The realisation that you don't really like house music much any more...

stelfox

Beast of Burden
jess, it was a bigger surprise to me than it would be to anyone else. i genuinely think that, for me, house music may well have fulfilled its function. i'm not saying there isn't good music around, but i'm totally not into going out and checking it out at clubs any more (the isolee album for example is a great record). while i was surprised by quite how intensely fed-up i got on saturday, this has been a pretty gradual process, but one i never thought would complete its cycle - i always thought i'd have a basic enjoyment of 4/4 beats in big clubs. now i think simon is absolutely right re electrohouse/metrohouse etc... it leaves me totally and completely adrift these days. i'm actually wondering why this has happened - not enough development over the past few years, nearly 20 years of music reaching its natural creative dead end (ftr,i was MUCH faster to write off jungle, which i enjoyed far more intensely when i was enjoying it), me just getting older?
 

bassnation

the abyss
stelfox said:
jess, it was a bigger surprise to me than it would be to anyone else. i genuinely think that, for me, house music may well have fulfilled its function. i'm not saying there isn't good music around, but i'm totally not into going out and checking it out at clubs any more (the isolee album for example is a great record). while i was surprised by quite how intensely fed-up i got on saturday, this has been a pretty gradual process, but one i never thought would complete its cycle - i always thought i'd have a basic enjoyment of 4/4 beats in big clubs. now i think simon is absolutely right re electrohouse/metrohouse etc... it leaves me totally and completely adrift these days. i'm actually wondering why this has happened - not enough development over the past few years, nearly 20 years of music reaching its natural creative dead end (ftr,i was MUCH faster to write off jungle, which i enjoyed far more intensely when i was enjoying it), me just getting older?
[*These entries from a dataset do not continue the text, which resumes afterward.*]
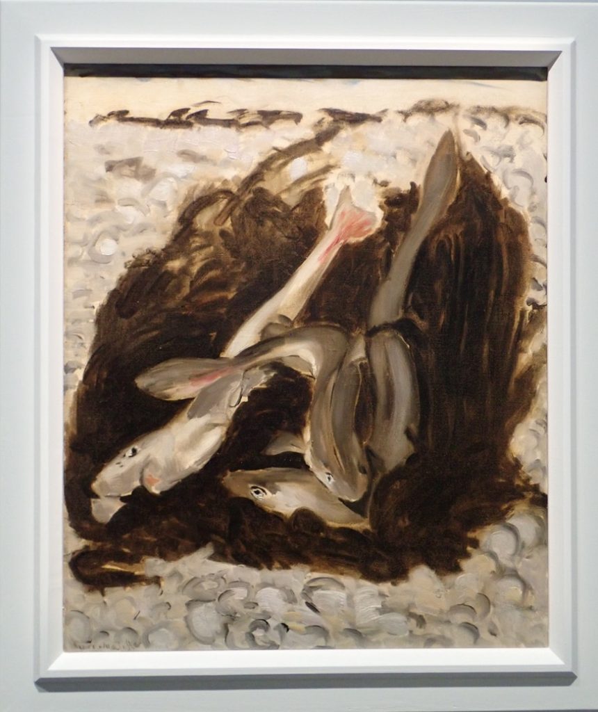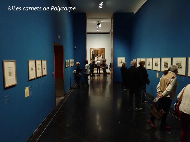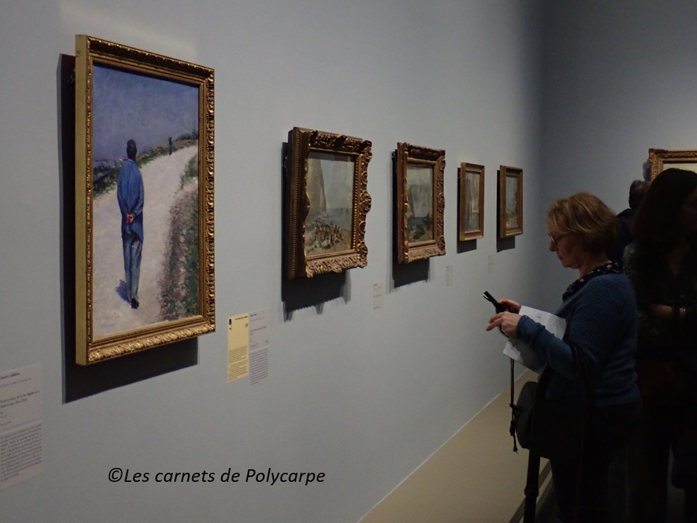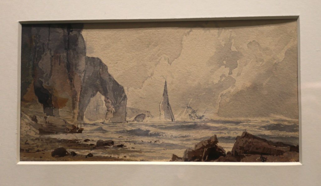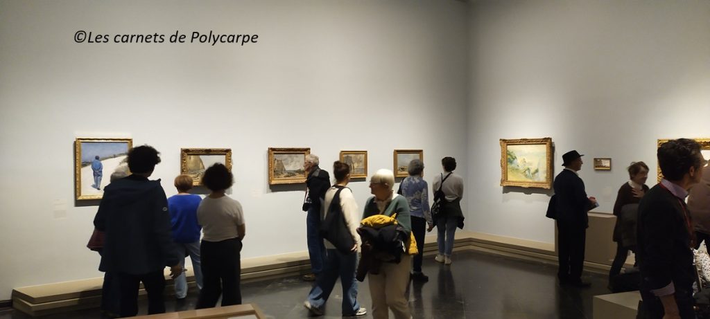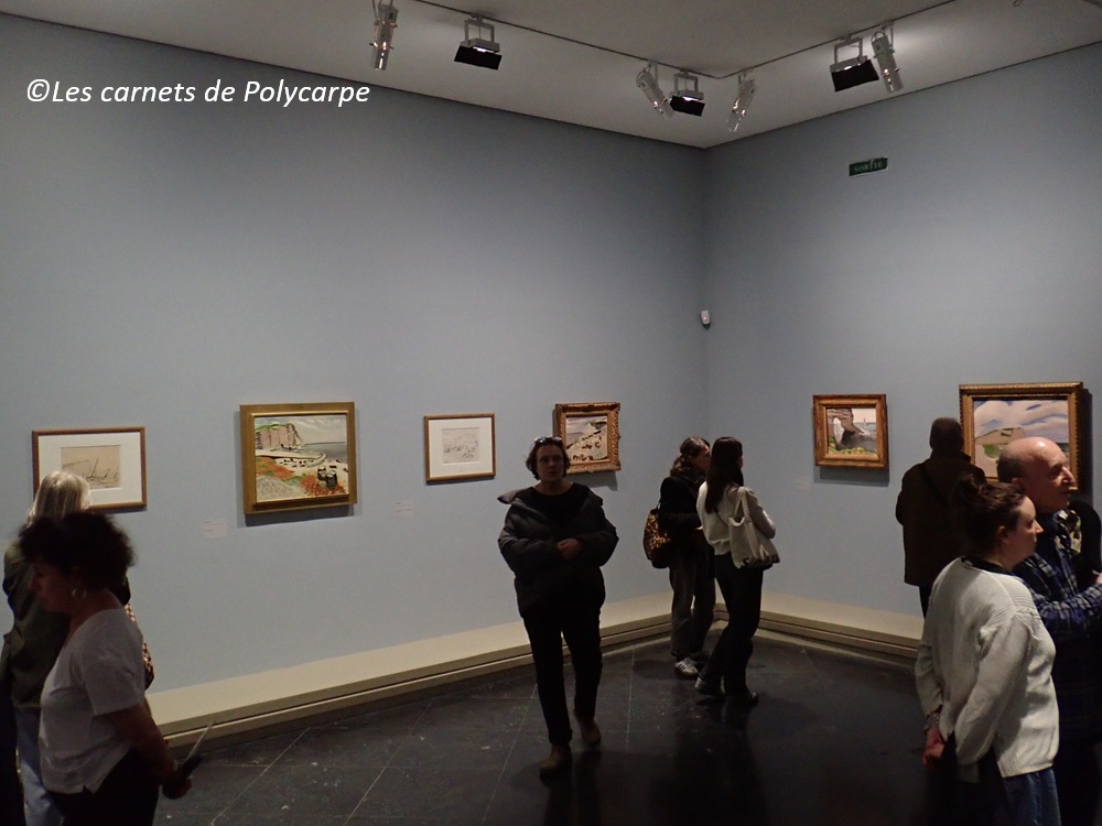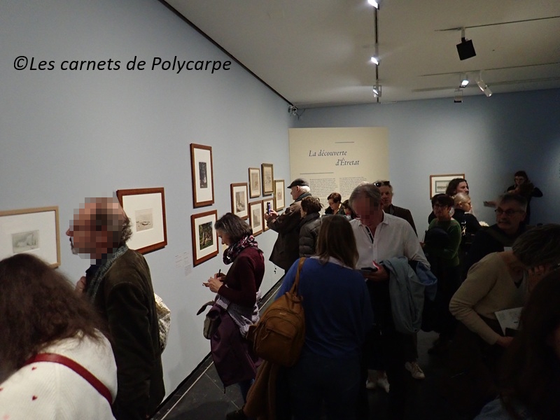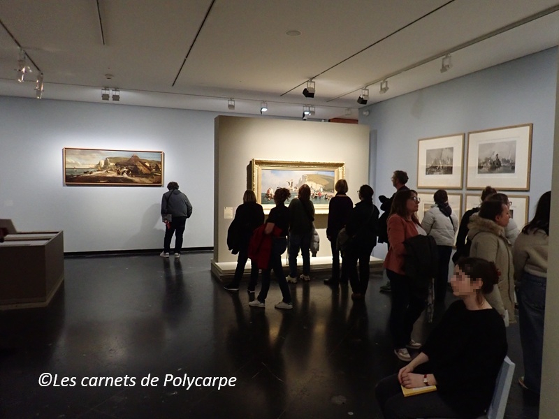 Autre vue de la deuxième salle de l’exposition ; au centre du cliché, Bains de mer à Étretat, peinture de 1866 d’Eugène Le Poittevin ; sur le mur du fond, L’enseigne peinte en 1842 par Eugène Le Poittevin pour l’auberge Blanquet (https://www.etretat.carnetsdepolycarpe.com/2025/12/24/les-blanquet-une-success-story-etretataise/) ; sur le mur de droite, les 4 lithographies de la série La vie d’une caïque (1856)
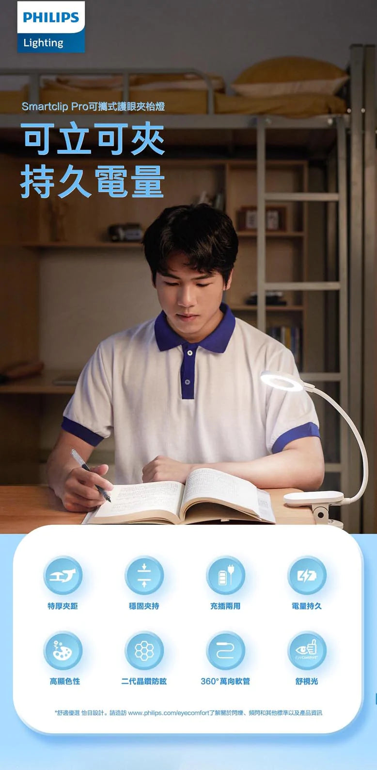 PHILIPS 66264 SmartClip Pro 可攜式護眼夾枱燈 香港行貨
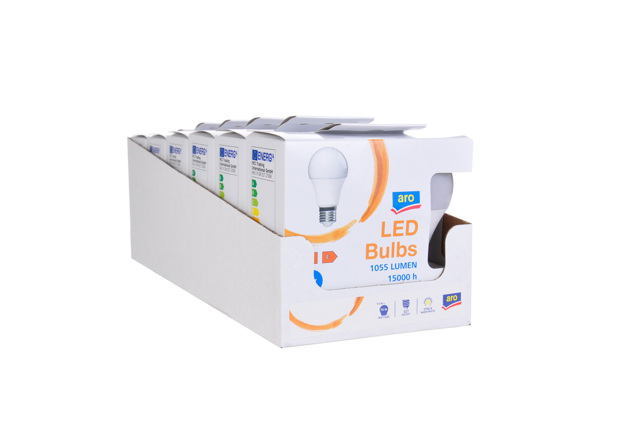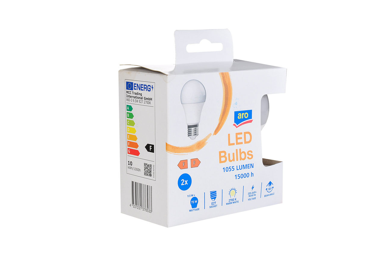 aro Лампа светодиодная E27 2700K Led 9,5Вт груша, 2шт
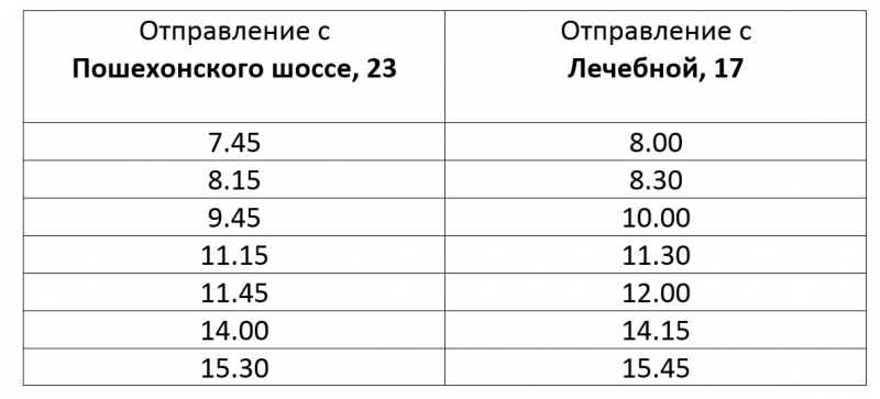 Автобус курсирует между больничными корпусами областной больницы в Вологде на Пошехонском шоссе,23 и улице Лечебной,17. Он следует без остановок. Перевозит пассажиров по будним дням с 8 до 16 часов. Проезд бесплатный для всех.
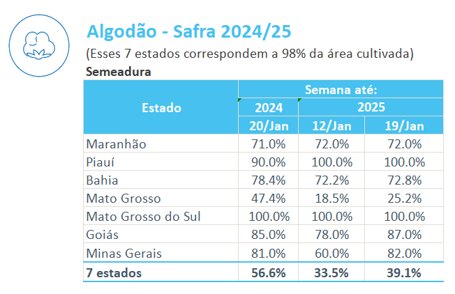 據巴西農業(yè)部下屬的國家商品供應公司CONAB,截至1月19日,巴西棉花播種率為39.1%,上周為33.5%,去年同期為56.6%。
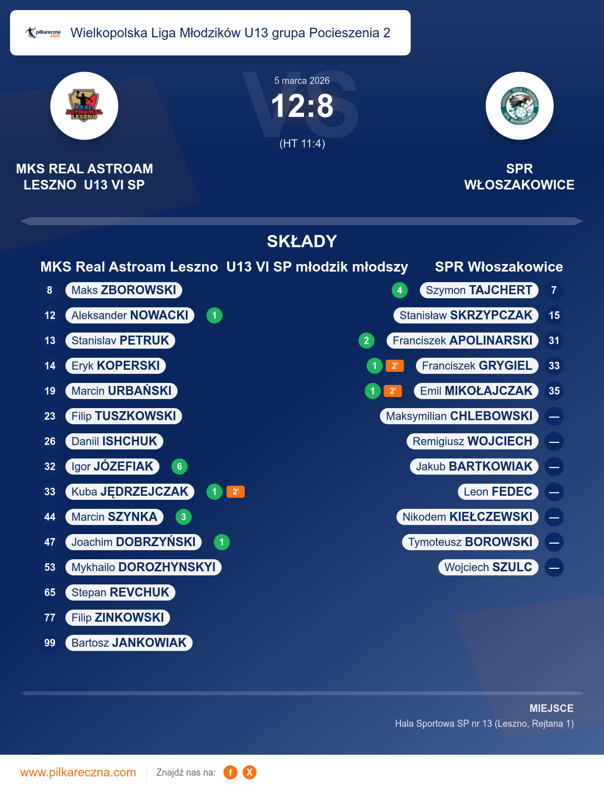 MKS Real Astroam Leszno U13 VI SP młodzik młodszy 12–8 SPR Włoszakowice
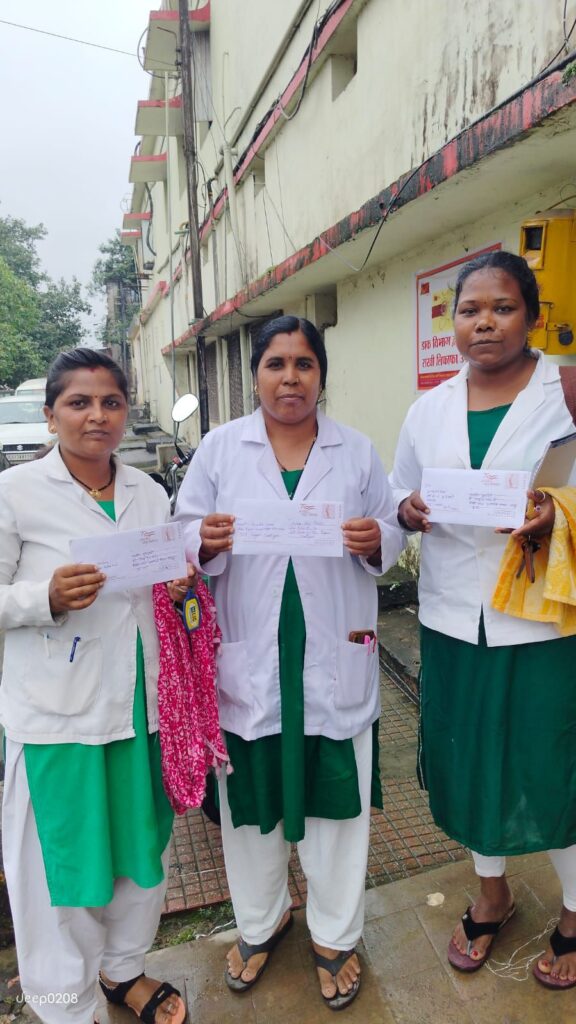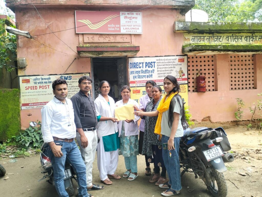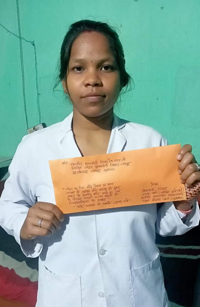 - राष्ट्रीय स्वास्थ्य मिशन के संविदा कर्मी लंबित 27 प्रतिशत वेतन वृद्धि एवं नियमितीकरण के मांग का उल्लेख कर मुख्यमंत्री विष्णु देव साय के पते पर पोस्ट ऑफिस में स्पीड पोस्ट किया गया
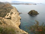 Debajo del castillo, prácticamente a tiro de piedra, se encuentra Isla Negra, de origen volcánico, con unos cuantos peñascos entorno aflorando. Junto con la Isla de Terreros, fueron declaradas en 2001 Monumentos Naturales y ZEPA (Zona de Especial Protección de Aves). Veo los acantilados que continúan la costa, llamados de Honduras, están protegidos como Lugar de Interés Geológico. Además las sierras del entorno gozan de protección jurídica como LIC (Lugar de Interés Comunitario). Los fondos submarinos a lo largo de unos 50 km se han catalogado como ZEIP (Zona de Especial Importancia para el Mediterráneo) ¡Será por protección! Recelo de tanta denominación de origen ostentosa, sospecho de la palabrería barata de los políticos siempre -cuanto más ampulosa, más recelo me produce-, enmascaran sus peores intenciones con los términos más rimbombantes y melodramáticos para luego, a la hora de la verdad, endosar un macro-proyecto constructivo disfrazado de inversión muchimillonaria,con futuros puestos de trabajo por millares, empleos indirectos, y bla, bla, bla… Sería más simple, rápido y eficaz -pienso- solicitar la declaración de Parque Natural, y punto. La totalidad de la Sierra de la Almagrera lo merece también, se podría reconvertir en un Parque Arqueológico Minero (como pretendían hacer en Mazarrón con una de sus últimas minas en uso) y, por supuesto, la franja costera y sus inmediaciones del tramo entre San Juan de Terreros y Calarreona, con sus ricos fondos marinos incluidos. Eso sería lo lógico y natural, además son zonas difícilmente construibles y rodeadas ya de suficientes plazas hoteleras y vacacionales. Pero en este país lo natural es excepcional y las aberraciones se convierten en moneda corriente, desgraciadamente.

yeah, its easy to get tired of it - as you say, its 20 years of development. its getting a bit long on the tooth now. but i wouldn't throw out the baby with the bathwater, like the peeps who say they can't stand any of it.

after all, dubstep, jungle and grime would not have existed without house music. it opened a lot of doors creatively in the uk (and internationally of course, not to be too parochial). the fact that you've caned the arse out of it doesn't mean that in its day it wasn't intense, alien and thrilling - much the same way i find grime to be now but for different reasons.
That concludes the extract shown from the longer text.